Today’s Agenda

  • Quantiles
  • Logic Operators

Quantiles

  • The xth quantile (percentile) is a value such that x% of data in a data set is smaller than the xth quantile and the rest of the data is larger.
  • For example, the 10th quantile is a value such that 10% of data is smaller and the other 90% is larger.
  • There is a special name for the 50th quantile: median
  • \(Q_1\) and \(Q_3\) are the 25th and 75th quantiles respectively
  • The interquartile range is the difference between the 75th and 25th quantiles. \[IQR = Q_3 - Q_1\]
# Load the penguin package
library(palmerpenguins)

# save the penguin data locally
df_p <- penguins

# find the median of the body mass

median(df_p$body_mass_g)
## [1] NA
  • To remove bad data you have two options
# option 1: tell R to ignore NA when doing the median
median(df_p$body_mass_g, na.rm=TRUE)
## [1] 4050
#option 2: tidy your data before using it

tidy_mass <- na.omit(df_p$body_mass_g)
median(tidy_mass)
## [1] 4050
# the second option is better if you want to use the mass data a lot of times, that way you don't have to type na.rm=TRUE every time you want to use the data
# find the 50th percentile, make sure it is the same as median()
quantile(tidy_mass, .50)
##  50% 
## 4050
# find all the quartiles at the same time
quantile(tidy_mass)
##   0%  25%  50%  75% 100% 
## 2700 3550 4050 4750 6300
# find other percentiles:

quantile(tidy_mass,.10)
##  10% 
## 3300

Logic Operators

  • Sometimes you want to section off a portion of your data
# Find all penguins that are from Torgersen island
torgersen <- df_p[df_p$island == "Torgersen" ,]

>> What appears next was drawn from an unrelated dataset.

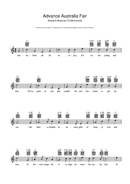 Digital Sheet Music for Advance Australia Fair by Peter McCormick scored for Lead Sheet; id:401668

# Find the body mass of all penguins that are from Torgersen island
torgersen_mass <- df_p[df_p$island == "Torgersen" , "body_mass_g"]

#Find all penguins with a body mass less than or equal to 3500g
skinny <- df_p[df_p$body_mass_g <= 3500,]

#Find all penguins with a body mass less than or equal to 3500g that are also from Torgersen island

torgersen_and_skinny <- df_p[df_p$body_mass_g <= 3500 & df_p$island=="Torgersen",]

#Find all penguins with a body mass less than or equal to 3500g or are from Torgersen island

torgersen_or_skinny <- df_p[df_p$body_mass_g <= 3500 | df_p$island=="Torgersen",]